You may have also heard that Robinhood is planning to unveil a cash management service in early 2021. This was initially marketed as a Robinhood checking or savings account with an attractive 3% interest rate, however after the FDIC reminded Robinhood that they are not legally a bank (and would therefore not qualify for FDIC insurance) they stopped branding it as a checking account. Any cash balances in this service would therefore not be FDIC insured.

It’s also not clear if these cash balances would be insured by the SIPC since the SIPC protects cash that is deposited with a brokerage firm for one purpose – to use in purchasing securities. This is likely something that Robinhood is still hammering out the details on prior to its launch, but this is an important detail you should pay attention to when they do unveil the cash management. If it’s neither insured by FDIC nor SIPC and Robinhood goes bankrupt you could potentially lose 100% of any cash you deposited into this product.

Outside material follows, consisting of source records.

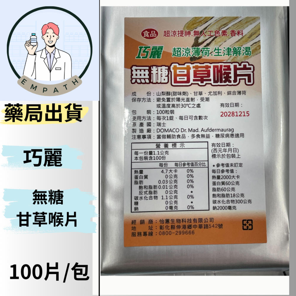 成分:山梨醇(甜味劑)、甘草、尤加利、綜合薄荷
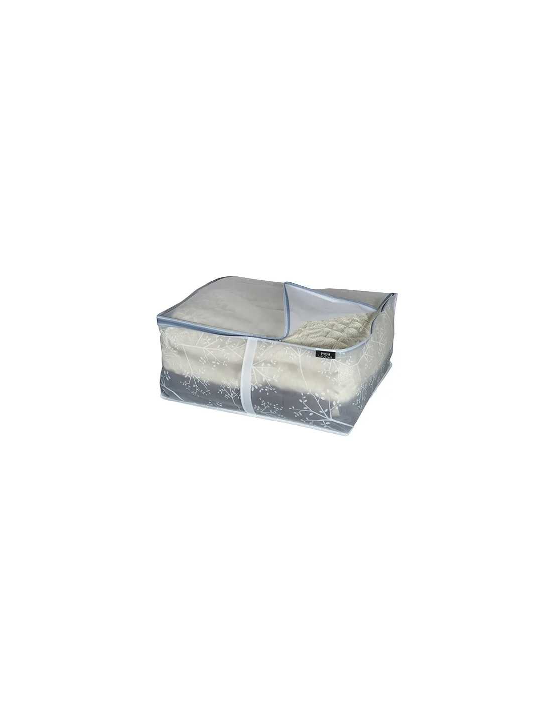 Scatola in vinile porta coperte è l'accessorio perfetto per organizzare e proteggere coperte, cuscini e altri tessili in modo pratico e funzionale. Realizzata in PEVA biodegradabile, questa scatola large è caratterizzata da un decoro semitrasparente che aggiunge un tocco di eleganza all'ambiente in cui viene collocata.
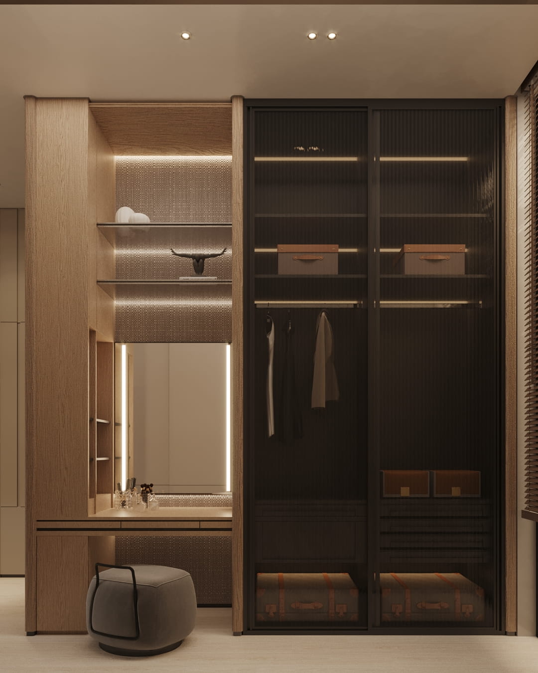 Wardrobe area menggunakan kombinasi panel tertutup dan lemari display, jadi ada ruang untuk menyimpan dan juga memamerkan item favorit.

What If Robinhood Goes Bankrupt Conclusion

Although Robinhood is a very popular and quickly growing brokerage platform, it’s important to remember that newer firms are also more at risk of financial trouble than their more established counterparts. While we don’t think Robinhood is at risk of going bankrupt anytime soon, such a situation would expose its customers to very real risk. And this risk is somewhat greater than it is with other brokers since Robinhood only has the limited SIPC insurance and doesn’t offer any additional protection above the SIPC limits.